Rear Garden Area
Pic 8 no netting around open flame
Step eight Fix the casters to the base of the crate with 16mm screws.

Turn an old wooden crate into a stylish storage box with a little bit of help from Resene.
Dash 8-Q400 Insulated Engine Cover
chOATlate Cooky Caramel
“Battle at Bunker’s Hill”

---------------

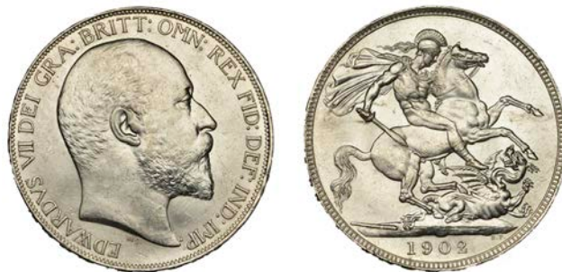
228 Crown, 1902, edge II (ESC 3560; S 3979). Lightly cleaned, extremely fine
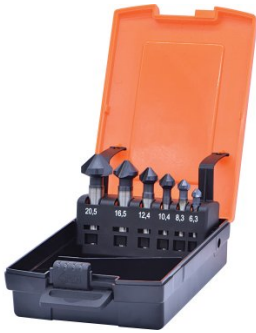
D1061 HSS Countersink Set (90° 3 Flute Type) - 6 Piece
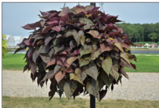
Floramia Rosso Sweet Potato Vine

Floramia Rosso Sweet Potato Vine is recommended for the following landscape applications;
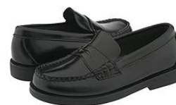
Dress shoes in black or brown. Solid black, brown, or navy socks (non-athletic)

---------------

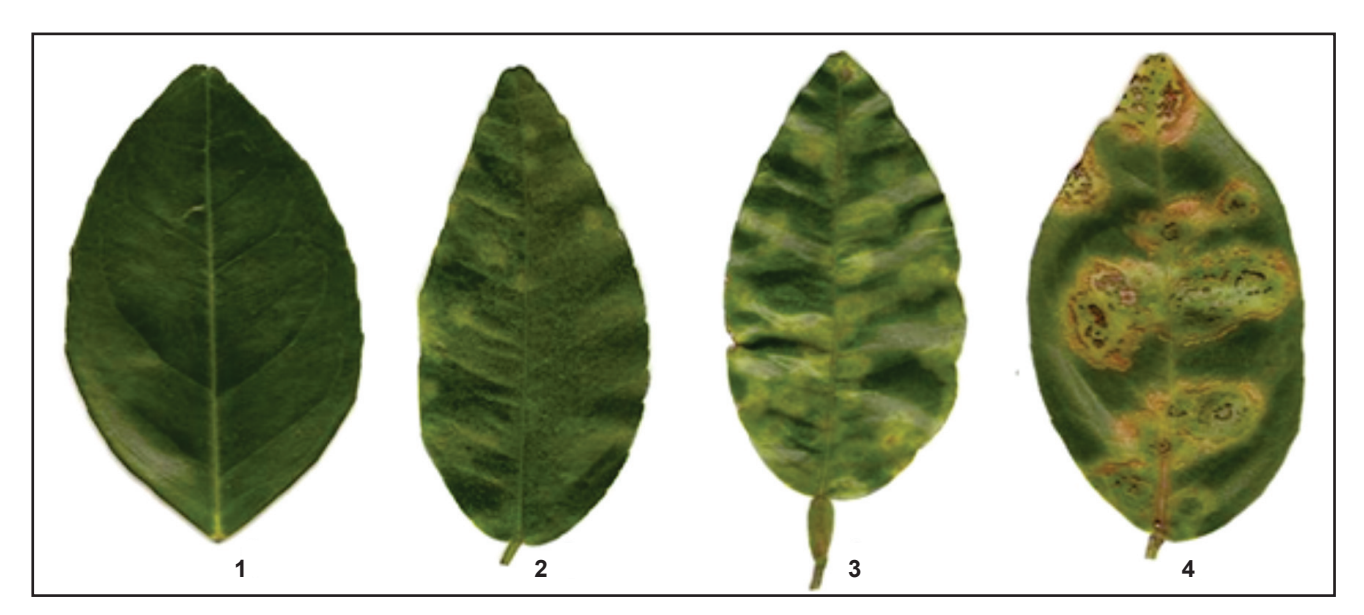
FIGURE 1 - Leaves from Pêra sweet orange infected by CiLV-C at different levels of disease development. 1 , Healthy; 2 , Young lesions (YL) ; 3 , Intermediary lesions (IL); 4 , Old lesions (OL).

---------------

## PROMPT
The lines to report are those in the material above that contain the word "crate"; copy every one of them.

## REPLY TO THE TASK
Step eight Fix the casters to the base of the crate with 16mm screws.
Turn an old wooden crate into a stylish storage box with a little bit of help from Resene.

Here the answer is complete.